After pre-training, two ways to use the model:

**Fine-tuning (BERT era):**
```
Pre-trained model → Add task-specific head → Train on labeled data
```
Example: Add classification layer, train on sentiment dataset.

**Prompting (GPT-3 era):**
```
Pre-trained model → Give task instruction as text → Generate answer
```
Example: "Classify sentiment: 'I love this movie' →" → Model generates "Positive"

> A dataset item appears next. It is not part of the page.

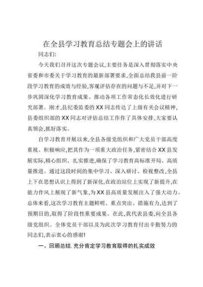 【七哥公文】2025年:在全县贯彻中央八项规定精神学习教育总结专题会上的讲话(1)+更多免费公文+VX:QiGeGongWen2024
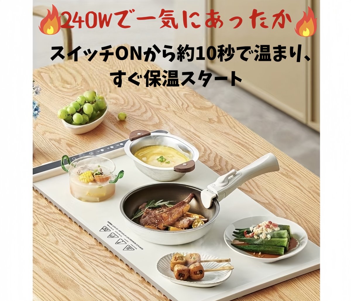 240Wの高火力により、わずか10秒で温かさを実感。忙しい朝や寒い夜でも瞬時に快適。毎日の食卓で家族全員の料理を温かくキープ。

Large enough models can do tasks via prompting, no fine-tuning needed. This is IN-CONTEXT LEARNING.

In [11]:
# Conceptual example of fine-tuning vs prompting

def fine_tuning_approach():
    """
    Traditional approach: modify model architecture
    """
    print("Fine-tuning approach:")
    print("  1. Take pre-trained BERT")
    print("  2. Add classification head on top")
    print("  3. Train on sentiment dataset (1000s examples)")
    print("  4. Inference: feed text → get label\n")
    
def prompting_approach():
    """
    Modern approach: just provide examples in context
    """
    print("Prompting approach (few-shot):")
    print("  Prompt:")
    print("    'I love this movie' → Positive")
    print("    'This is terrible' → Negative")
    print("    'Best film ever!' → Positive")
    print("    'I enjoyed every minute' → ?")
    print("  ")
    print("  Model generates: 'Positive'")
    print("  No training needed!\n")

fine_tuning_approach()
prompting_approach()

Fine-tuning approach:
  1. Take pre-trained BERT
  2. Add classification head on top
  3. Train on sentiment dataset (1000s examples)
  4. Inference: feed text → get label

Prompting approach (few-shot):
  Prompt:
    'I love this movie' → Positive
    'This is terrible' → Negative
    'Best film ever!' → Positive
    'I enjoyed every minute' → ?
  
  Model generates: 'Positive'
  No training needed!



## Putting It All Together: Training Pipeline

**Step 1: Data collection**
- Scrape web, books, Wikipedia
- Clean, filter, deduplicate
- Billions of tokens

**Step 2: Tokenization**
- Convert text to subword tokens (BPE, WordPiece)
- Build vocabulary (30K-50K tokens typical)

**Step 3: Pre-training**
- Choose objective (CLM, MLM, etc.)
- Train on massive corpus
- Days to months on many GPUs/TPUs

**Step 4: Evaluation**
- Perplexity on held-out data
- Downstream task performance

**Step 5: Fine-tuning (optional)**
- Task-specific training
- Or just use prompting

## Modern Trends

**1. Scaling laws**
- Performance improves predictably with more compute, data, parameters
- No sign of saturation yet

**2. Instruction tuning**
- After pre-training, fine-tune on instruction-following tasks
- Makes models better at following user requests
- Examples: InstructGPT, Flan-T5

**3. RLHF (Reinforcement Learning from Human Feedback)**
- Train reward model from human preferences
- Optimize language model using RL to maximize reward
- ChatGPT uses this

**4. Sparse models**
- Mixture of Experts (MoE): different experts for different inputs
- Activate only small subset of parameters per example
- Enables larger models with same compute

## Key Takeaways

**Self-supervised learning:**
- Create labels from data itself
- Enables training on massive unlabeled corpora
- Foundation of modern NLP

**Pre-training objectives:**
- **CLM:** Predict next word (GPT) - good for generation
- **MLM:** Predict masked words (BERT) - good for understanding
- **Seq2seq:** Denoise corrupted text (T5, BART) - good for both

**The recipe:**
1. Collect billions of tokens
2. Train with self-supervised objective
3. Learn rich representations
4. Transfer to downstream tasks

**Why it works:**
- Scale: more data than any supervised dataset
- Generality: learns language, not just specific tasks
- Emergence: complex abilities arise from simple objective

**The insight:**
> "You shall know a word by the company it keeps." - Firth, 1957

Modern LLMs take this to the extreme. Learn everything about language just by predicting words in context.